What you need to do:
Could you repeat every line below exactly, skipping the images?

Data excerpt:

+-------+

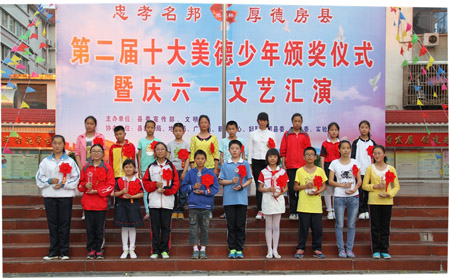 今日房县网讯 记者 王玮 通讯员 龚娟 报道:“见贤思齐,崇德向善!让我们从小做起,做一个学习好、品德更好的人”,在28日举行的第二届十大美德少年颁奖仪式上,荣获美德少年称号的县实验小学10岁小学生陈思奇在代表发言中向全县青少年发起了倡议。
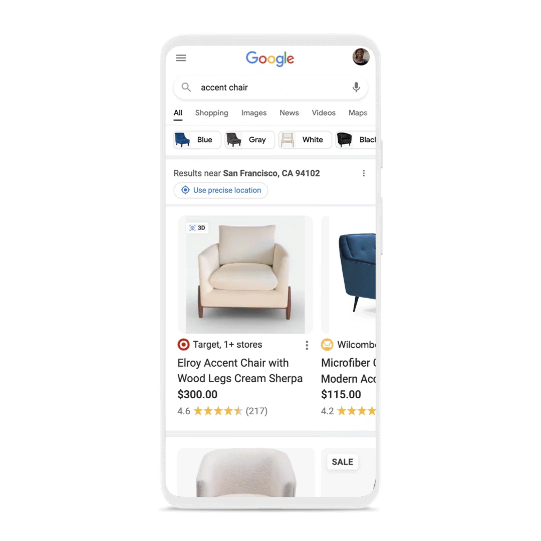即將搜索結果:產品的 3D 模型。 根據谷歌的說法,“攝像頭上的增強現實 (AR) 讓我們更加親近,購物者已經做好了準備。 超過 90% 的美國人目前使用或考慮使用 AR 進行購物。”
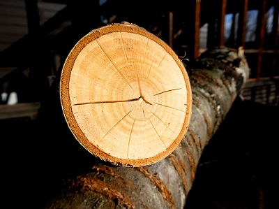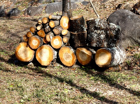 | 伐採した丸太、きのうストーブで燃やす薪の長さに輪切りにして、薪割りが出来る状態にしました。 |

+-------+

Your response:
 今日房县网讯 记者 王玮 通讯员 龚娟 报道:“见贤思齐,崇德向善!让我们从小做起,做一个学习好、品德更好的人”,在28日举行的第二届十大美德少年颁奖仪式上,荣获美德少年称号的县实验小学10岁小学生陈思奇在代表发言中向全县青少年发起了倡议。
即將搜索結果:產品的 3D 模型。 根據谷歌的說法,“攝像頭上的增強現實 (AR) 讓我們更加親近,購物者已經做好了準備。 超過 90% 的美國人目前使用或考慮使用 AR 進行購物。”
 | 伐採した丸太、きのうストーブで燃やす薪の長さに輪切りにして、薪割りが出来る状態にしました。 |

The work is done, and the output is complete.